### Task goal
Repeat the data that follows in full. Do not include the pictures.
*** Opening Information supplied ***
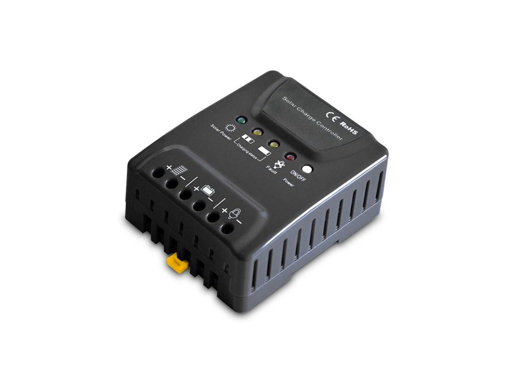 Solárny regulátor PWM Geti GSR020Solárny regulátor PWM Geti GSR020 s indikáciou nabíjania, odberu prúdu a napätia batérie. Určený pre systémové napätie 12V alebo 24V s pevne nastavenými prevádzkovými parametrami a maximálnym nabíjacím aj záťažovým prúdom 20A pre panely do 240W-12V alebo 480W-24V.
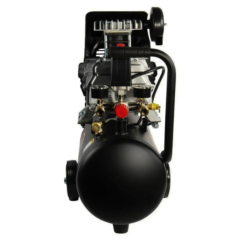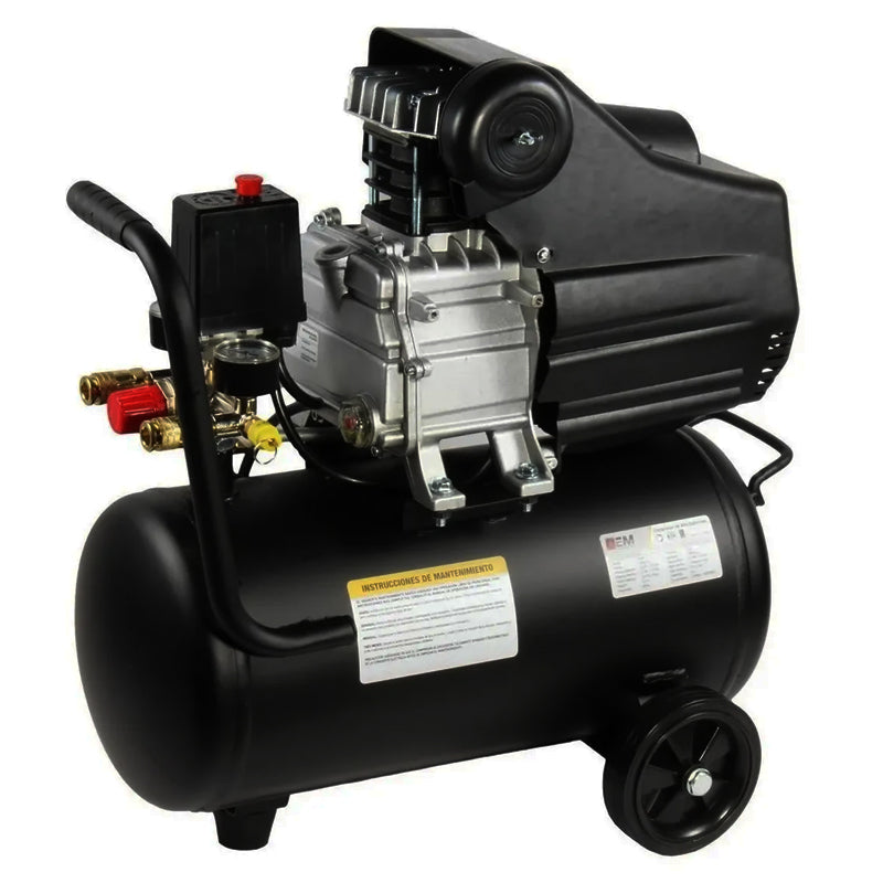 Compresor de aire con potencia de 2.5 HP y tanque con capacidad de 25 L, cuenta con embobinado de cobre, doble salida de aire, maneral soldado para moverlo con seguridad y ruedas traseras para transportarlo fácilmente.
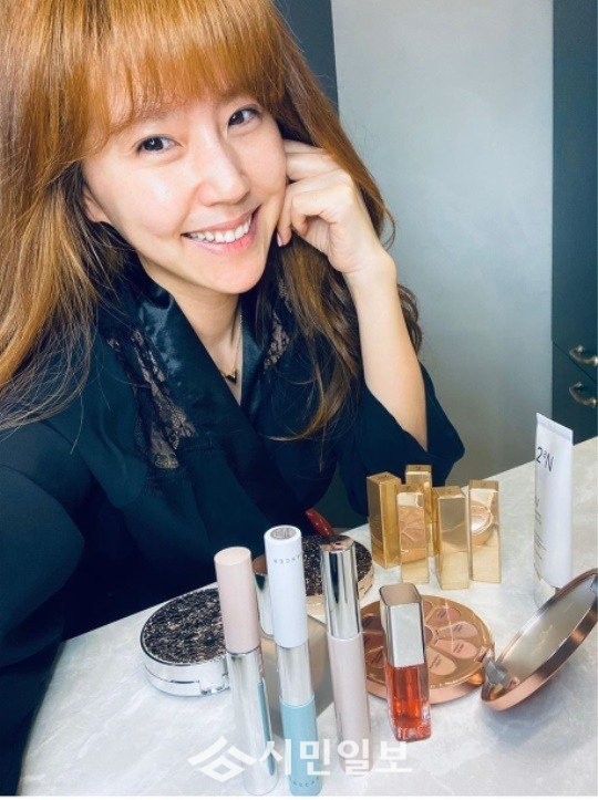 이윤미가 자신의 인스타그램에 "조만간 저의 엄청난 화장대를 공개할께요 ㅎ"라는 글과 함께 두 장의 사진을 게재했다.
*** Closing Information supplied ***
### Written solution
 Solárny regulátor PWM Geti GSR020Solárny regulátor PWM Geti GSR020 s indikáciou nabíjania, odberu prúdu a napätia batérie. Určený pre systémové napätie 12V alebo 24V s pevne nastavenými prevádzkovými parametrami a maximálnym nabíjacím aj záťažovým prúdom 20A pre panely do 240W-12V alebo 480W-24V.
 Compresor de aire con potencia de 2.5 HP y tanque con capacidad de 25 L, cuenta con embobinado de cobre, doble salida de aire, maneral soldado para moverlo con seguridad y ruedas traseras para transportarlo fácilmente.
 이윤미가 자신의 인스타그램에 "조만간 저의 엄청난 화장대를 공개할께요 ㅎ"라는 글과 함께 두 장의 사진을 게재했다.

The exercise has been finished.